The Pacific island of Samoa has one of the most overweight populations in the world. Their diets revolve around carbohydrates (taro, breadfruit), meat, fried food and an alarming amount of imported canned food. Second only to Tonga, this small nation has an obesity rate of 84 percent.
I therefore should have been grateful when I was invited to a local family’s house, that the traditional Sunday lunch of to’ona’i, a massively calorie-packed meal, wasn’t on the menu. I had rushed to the only shop in the vicinity, a compact wooden kiosk near the beach, to ask what I should take as a thank you gift. There wasn’t much choice.

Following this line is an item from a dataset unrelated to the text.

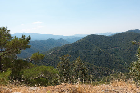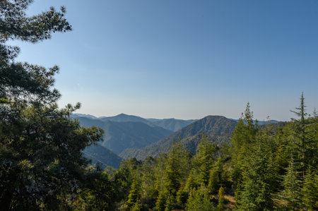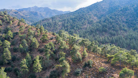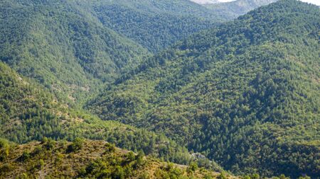 Mountain ridge covered with pine trees in Troodos mountains, Cyprus

“Corned beef,” I was told.
“Corned beef?” I asked quizzically. My God, I thought, I’m on a tropical Pacific island and I’m being told to take corned beef as a present. The fact it existed here at all flabbergasted me. And worse still, I was about to buy it. In bulk.
The invite had been extended to me on a local bus where a strong culture of ‘get to know your neighbour’ is definitely encouraged. There had been a kerfuffle that I wasn’t privy to, and then the conductor asked me to stand up. Confused, I clambered to my feet and an extremely large Samoan woman took my place.

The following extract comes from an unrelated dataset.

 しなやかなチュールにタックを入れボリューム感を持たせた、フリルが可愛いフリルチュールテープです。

With a jovial smile and a gesture of his arm, the conductor simply said, “Sit there.” I followed his gaze and presumed he was joking. He wasn’t. My new seat was to be the woman’s knee. I scanned the crowded bus and saw other female passengers doing the same, the lighter ones perched on the larger women’s laps. The woman in my seat saw my anxiety and smiled at me.
“You’re thin, no problem,” she said.
“I’m actually quite heavy,” I responded, thinking of all the to’ona’i lunches I’d eaten there over the past three weeks.
“It’s OK!” she laughed, and with a mouthful of apologies, I sat very rigidly on the edge of her well-padded legs.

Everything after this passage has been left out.